Case Typical CODE-RADE
Step 1 Initial contact Initial contact
Step 2 Diagnosis Diagnosis (iterative)
Step 3 Feedback (slow) Feedback (automated)
Step 4 Convergence/confusion Convergence (automated)
Step 5 Deployment (manual, target-specific) Deployment (automated, arbitrary targets )

The point here is that we are still going through similar motions as before - there is still a dialogue between RSE and researcher. The difference however is that this dialogue is far more transparent, explicit and speedy. The effect of changes are seen immediately, the reasons for failures are explicit and although they may not immediately indicate the remedy, they provide clear symptoms, rather than anecdotes.
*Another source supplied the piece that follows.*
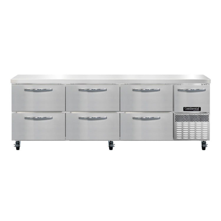 The Continental Refrigerator RA93N-D Refrigerated Base Worktop Unit is a 93-inch wide unit expertly crafted with a 300 series stainless steel flat work top, ensuring durability and a sleek appearance. This unit features stainless steel front and end panels, with a galvanized steel rear and grill, providing a robust and reliable structure. The interior is made of aluminum, enhancing its strength while maintaining a lightweight design. It includes six drawers, each capable of holding two 12 x 20 x 6 pans (provided by others), and a half-height field rehingeable door for versatile storage options. The electronic control system and off cycle defrost feature ensure precise temperature regulation and energy efficiency. Powered by a 1/4 HP side-mounted refrigeration system using R290 hydrocarbon refrigerant, it promises environmentally friendly operation. Certified by cETLus and NSF, the RA93N-D Refrigerated Base Worktop Unit meets high standards of safety and sanitation, making it ideal for various segments within the food service industry, including restaurants, catering services, and commercial kitchens. This unit's innovative design and superior build quality provide a reliable solution for professionals seeking efficient refrigerated storage and workspace integration.

Furthermore the effort in building and integrating new applications immediately pays off, since applicaitons are delivered automatically to sites.

Components

The generic components of the CODE-RADE platform are :

  • machine-readable expression of software
  • version control
  • continuous integration service
  • arbitrary build environment
  • fitness tests
  • automated delivery

Each of these can be implemented in several ways, however a workflow similar to the one expressed above should be maintained.

For the foundation releases of CODE-RADE, the following were used :

  • machine-readable expression of software :
  • version control
  • continuous integration service
  • arbitrary build environment
  • fitness tests
  • automated delivery

Aspects

  • Cross-platform :
    • Build and test artifacts for an arbitrary set of targets.
    • Promote diversity in computing platforms.
    • Ensure proper optimisations and application portability
  • Atomic :
    • Fine-grained control over dependencies, versions and targets
    • Relevant action taken on each event
  • Community-Driven :
    • No restriction on the applications that can be integrated.
    • Anyone can contribute applications, resources, code review, etc
  • Automated :
    • Heavy reliance on automated agents to reduce bias, lead time
    • Action initiated by users, not operators.

Build Matrix

References and footnotes

  1. I write from an African point of view. “Elsewhere” can typically be interpreted as “places which are better resourced and developed than here”. 

  2. I find it a great temptation to claim that there is a “right” way, but I should be wary of the assumptions implicit in this argument. I am considering specifically a federated, distibuted environment like a grid or a federated cloud. My arguments will hold less weight in other environments, specifically ones where the control and authority is more centralised. 

  3. Note: “a” solution, implying that there are non-unique ways to solve this problem. 

  4. I’ll arbitrarily compare whatever we describe here to the start of the national facility (c. 2007) 

  5. The obvious case is an application expecting a GPGPU, where none is available. 

  6. I’ll use “researcher” and “research community” interchangeably here. This term means “someone, some group, or some thing which wants to execute a scientific application”. 

  7. We use “application expert” and “Research Software Engineer” interchangeably here. 

  8. An example would be a researcher who maintains a GEANT4 installation for a local user group. 

  9. I must admit, I have on evidence to support this, just subjective experience. I’d really appreciate any form of critique or feedback here.